Sam: Das mit der schönen deutschen Landschaft unterschreib’ ich – das mit den Behörden lieber nicht. Euer Föderalismus macht unsere Unternehmen wahnsinnig. Warum kann denn nicht für internationale Unternehmen eine Bundesbehörde zuständig sein – statt 16 einzelner Stellen?

Uwe: Föderalismusreformen sind bei uns so aufwendig wie Olympiaden. So schlimm ist es aber trotzdem nicht, denn es ist ja nicht irgendeine Landesbehörde zuständig, sondern diejenige, in deren Bundesland die Hauptniederlassung eures Unternehmens liegt. Aber lass’ uns lieber über Edward Snowden reden, den sehen nämlich viele Deutsche als Helden an.
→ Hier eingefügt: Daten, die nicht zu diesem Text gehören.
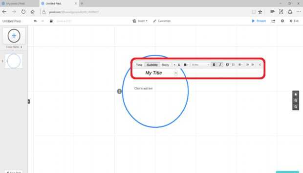 Una vez usted haga clic en el botón "Iniciar un Prezi en blanco" el indicador desaparecerá y usted podrá ver su "lienzo". Usted verá un círculo grande con dos etiquetas de lectura "Haga clic para agregar texto"; el círculo se llama un marco y son equivalentes a "diapositivas" en el software tradicional de presentación como PowerPoint. Para comenzar a crear la presentación, haga clic en el campo que dice "Haga clic para agregar texto" en negrita para dar su primer marco de un título. Una vez que el cursor se encuentra en ese campo de texto, aparecerá una pequeña barra de herramientas flotante sobre el cursor que permite modificar la configuración de la fuente, cosas tales como: tipo de letra; opción de fuente (negrita, cursiva, subrayado); color del texto; espaciamiento; sangría y viñetas, en caso que desee cambiar el formato de tu texto.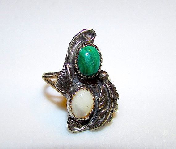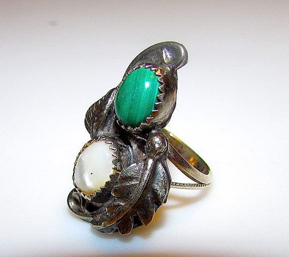 For your consideration is this wonderful vintage Old Pawn Navajo sterling silver, malachite and mother of pearl ring in size 5. The ring features an intricate, classic vintage squash blossom design in sterling silver accented with malachite and MOP cabochons. Superior craftsmanship, excellent attention to detail. Unmarked as most vintage Native American jewelry and has been tested for silver content. Size 5. Nice patina. Can be polished upon request. Superb vintage piece to add to any jewelry collection!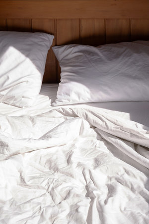 Unmade bed with white linen in sunlight. Cozy morning scene. Clean bedroom interior for relaxation concept.
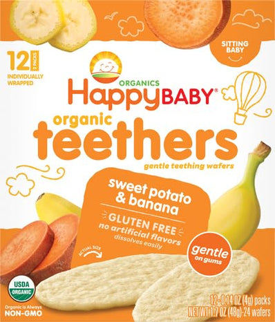 Happy Baby Gentle Teethers Organic Teething Wafers Banana Sweet Potato, Soothing Rice Cookies for Teething Babies Dissolves Easily Organic Gluten Free No Artificial Flavor,0.14 Ounce (Pack of 12)

Sam: Den sehen viele Amerikaner als Verräter an, der ihre nationale Sicherheit und Verteidigungsfähigkeit schwächt.

Uwe: Snowden hat die Diskussion erst so richtig in Schwung gebracht. Ohne seine Aufdeckungen gäbe es heute das Safe Harbor-Abkommen noch. Der EuGH, der es kippte, bezog sich in seiner Ungül- tigerklärung explizit auf das von Snowden enthüllte PRISM-Programm. Snowden hat der EU damit eine Steilvorlage für harte Verhandlungen zu einem neuen Safe Harbor-Abkommen geliefert.
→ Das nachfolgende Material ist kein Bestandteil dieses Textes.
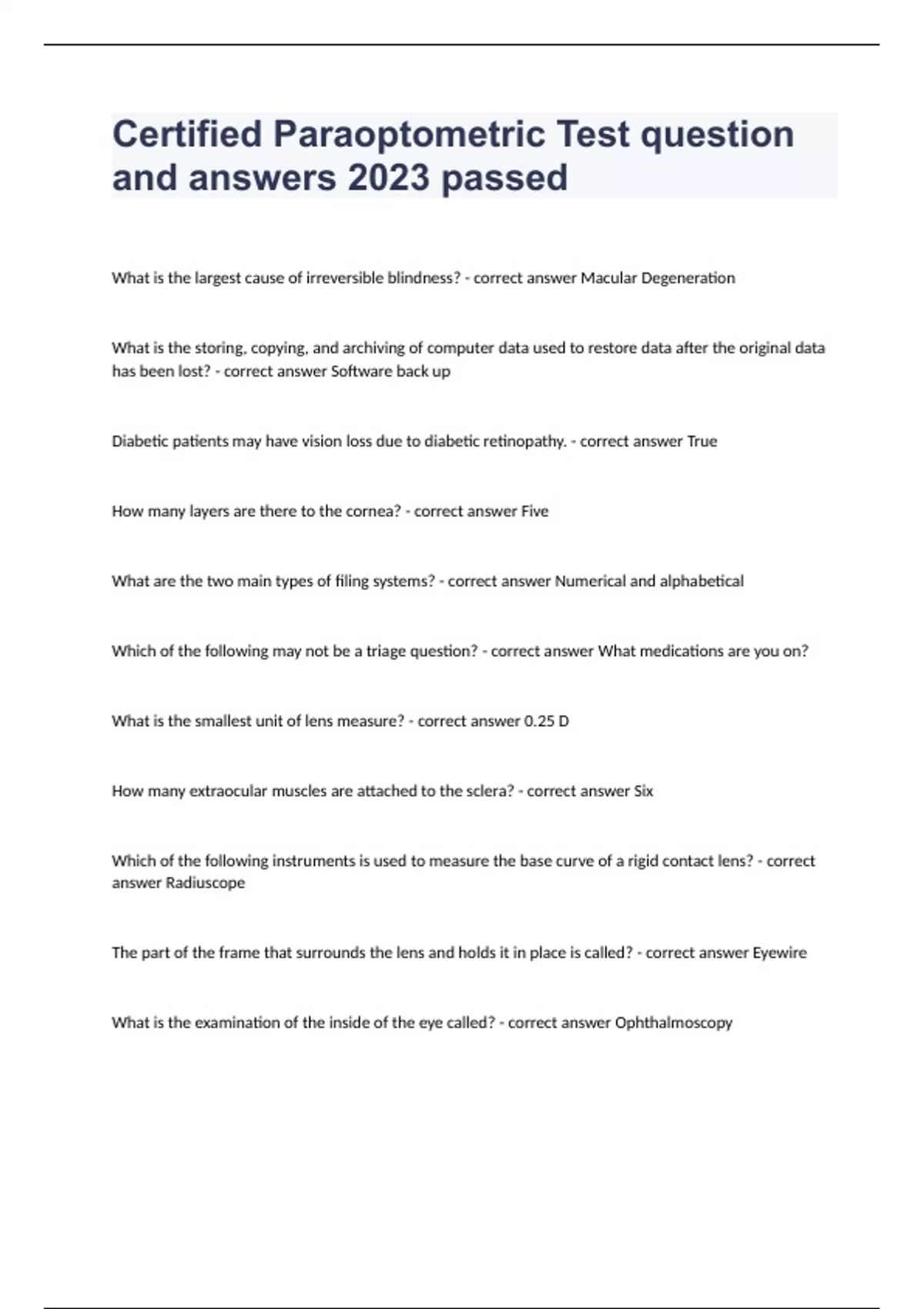 Certified Paraoptometric Test question and answers 2024 passed

Sam: Nun ja, harte Verhandlungen sind immer gut, doch solltet ihr euch in der EU davor einmal den Spiegel vorhalten. Die Briten – die ja Mitglied in eurer Union sind (zumindest noch …) – machen gerade Gesetze, die teilweise genau das kodifizieren, was Snowden über uns aufdeckte. Messt bitte nicht mit zweierlei Maß. Es tut sich einiges. Wir begrenzen mit dem USA Freedom Act gerade unsere Vorratsdatenspeicherung – und ihr führt sie trotz großer verfassungsrechtlicher Unsicherheiten neu ein.

Uwe: Die Briten machen mich derzeit in der Tat ratlos; die vorgesehene einjährige Speicherung besuchter Webseiten ist ungeheuerlich und wäre jedenfalls in Deutschland undenkbar. Aber bei den Vorratsdaten möchte ich schon unterscheiden: In den USA verlagert ihr lediglich die zentrale Speicherung bei der NSA auf eine dezentrale Speicherung bei den Providern. Und die Speicherdauer von mehreren Jahren geht schon arg viel weiter als unsere vier Wochen.

Sam: Moment mal – es ist doch öffentlich bekannt, dass die deutschen TK-Provider viele Arten von Metadaten monatelang speichern.

Uwe: Das neue deutsche Gesetz stellt in vielen Fällen tatsächlich eine Verbesserung gegenüber dem Status quo dar, wo viele Provider bei uns mehr und länger speichern, als es für zulässige Zwecke wie „Störungssuche“ oder „Rechnungslegung“ nötig wäre.

Sam: … und das tun sie, ohne dass die Beschwerden eurer Bundesdatenschutzbehörde daran seit Jahren etwas geändert hätten.

Uwe: Komm’ mir nun aber bitte nicht noch mit dem Thema „was macht eigentlich der deutsche Auslandsgeheimdienst so?“. Lass’ uns lieber darüber sprechen, wie es weiter gehen kann. Dass EU und USA sich beim Datenschutz dauerhaft unversöhnlich gegenüberstehen, würde ja niemandem nützen – den Unternehmen nicht und den Bürgerinnen und Bürgern auch nicht.

Sam: Richtig, ohne Konsens werden wir es nicht hinkriegen. Deswegen brauchen wir auch schnell einen „Safe Harbor 2.0“.

Uwe: Dafür muss in eurer Sicherheitsarchitektur aber mehr passieren, als nur eine Dezentralisierung der NSA-Vorratsspeicherung. Jedenfalls hoffe ich stark, dass das Silicon Valley bei eurer Administration Druck macht, „It’s the economy, stupid!“ – hat das nicht ’mal einer eurer Präsidenten gesagt?

Sam: Ja, das war der, dessen Frau im kommenden Jahr seine späte Nachfolgerin im Amt werden will. Und zur Sache: Ich setze große Hoffnungen in unseren neuen Judicial Redress Act, mit dem Rechtsschutzmöglichkeiten für Europäer im Polizei- und Sicherheitsbereich in den USA stark ausgeweitet werden.

Uwe: Ob dies reicht? Dann sind wir auf jeden Fall einmal sehr gespannt, ob wir in diesem schönen neuen Jahr nicht nur eine EU-Datenschutz-Grundverordnung, sondern auch einen guten Ersatz für den trocken gelaufenen Hafen präsentiert bekommen.

 

Dieser Aufsatz ist erschienen in PinG 01/16.